At the same time, the truth is emerging about Pakistan’s mixed commitment to combating terrorists. Islamabad has undoubtedly handed over a number of al-Qaeda militants, but the military-dominated state has been more reluctant to cooperate against the Taliban. Former Supreme Allied Commander Europe (SACEUR) General James L. Jones and other U.S. military officials have recently given examples of Pakistan’s refusal to cooperate in this regard. Moreover, Pakistan has not respected a number of its commitments in the war on terror. Terrorists training camps have not been dismantled, and Musharraf has occasionally threatened to stop anti-terrorism cooperation when he was bothered by Western criticism of repression of political opponents, in Balochistan and elsewhere.
The end of the Musharraf regime should therefore not be seen as the potential disaster that Western conventional wisdom suggests.
Nor would Musharraf’s fall necessarily be the end of military power in Pakistan. The army could well decide to sacrifice its chief if it considers he has now become a liability. Musharraf’s departure could then open the way for another general to step in. Or, given the criticism that the army is facing, it could decide to withdraw behind the scene and let civilians assume the burdens of day-to-day government, while trying to regain some legitimacy through an agreement with civilian leaders.
Whatever its final outcome, the present crisis should be an opportunity to rethink Western strategies toward Islamabad. The United States, and the West generally, have given the Musharraf regime constant support. Pressure may have been privately exerted when Musharraf did not try hard enough in the “war on terror” but Islamabad kept benefiting from the largesse of the U.S. administration and the international community for whatever assistance it did deliver. Indeed, Musharraf even gained largess when he said he could not fight harder because he was imperiled by extremists. The reality is that the problems that Pakistani-based and nurtured jihadists pose to the world will not be without a change of the country’s foreign policy. And this cannot occur without the end of military domination in Pakistan.
The restoration of democracy — the re-establishment of civilian power according to the 1973 Pakistani constitution — is ultimately the only reasonable policy option in the short, medium and long terms. This restoration does not mean the “elimination” of the Army, but simply its withdrawal from politics. The military could be given a role through the National Security Council but would no longer be the domineering entity.
To encourage Pakistanis to pursue such reforms, the U.S. (and others) must stop allowing multiple objectives to be traded against each other, and instead recognize that terrorism, Afghanistan, Kashmir and democratization are related. They all require an end of the Army and intelligence service’s domination of Pakistan’s policy-making.

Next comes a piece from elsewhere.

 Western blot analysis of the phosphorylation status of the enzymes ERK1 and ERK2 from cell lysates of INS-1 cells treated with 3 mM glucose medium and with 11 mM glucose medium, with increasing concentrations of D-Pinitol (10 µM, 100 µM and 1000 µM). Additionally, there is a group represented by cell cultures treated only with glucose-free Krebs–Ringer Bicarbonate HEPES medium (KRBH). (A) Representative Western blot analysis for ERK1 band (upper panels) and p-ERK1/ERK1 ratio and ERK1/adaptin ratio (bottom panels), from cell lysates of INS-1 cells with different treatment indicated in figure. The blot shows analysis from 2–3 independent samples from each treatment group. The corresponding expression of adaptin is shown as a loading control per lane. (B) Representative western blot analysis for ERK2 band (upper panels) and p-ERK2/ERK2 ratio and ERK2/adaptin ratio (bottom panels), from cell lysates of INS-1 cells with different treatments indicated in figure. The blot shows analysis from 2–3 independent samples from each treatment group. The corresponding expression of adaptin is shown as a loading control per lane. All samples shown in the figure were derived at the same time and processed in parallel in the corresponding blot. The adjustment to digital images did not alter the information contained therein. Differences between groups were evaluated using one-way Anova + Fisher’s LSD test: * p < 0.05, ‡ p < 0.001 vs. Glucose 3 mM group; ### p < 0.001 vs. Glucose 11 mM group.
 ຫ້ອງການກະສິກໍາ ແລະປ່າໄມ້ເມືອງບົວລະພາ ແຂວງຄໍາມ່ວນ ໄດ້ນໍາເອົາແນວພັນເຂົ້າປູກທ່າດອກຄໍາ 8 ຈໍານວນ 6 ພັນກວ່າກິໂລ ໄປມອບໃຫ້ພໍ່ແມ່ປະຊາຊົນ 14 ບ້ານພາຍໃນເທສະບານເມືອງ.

To facilitate such a shift the U.S. and other influential powers must offer increased assistance to Pakistan, but commit to reduce or eliminate it entirely if Pakistan does not act consistently with the principles it professes to share with its partners. Conditionality of assistance should apply if and when civilian rule is restored, too.
Some elements of the military will go along because they believe the increasing involvement of the army in non-military affairs is gradually decreasing its professionalism and that the military is culturally ill-equipped to run a country. There will be resistance. But specters of extremist takeover should not obscure the reality that military dominance largely produced the crises now confronting Pakistan and the world, and cannot be the solution to them.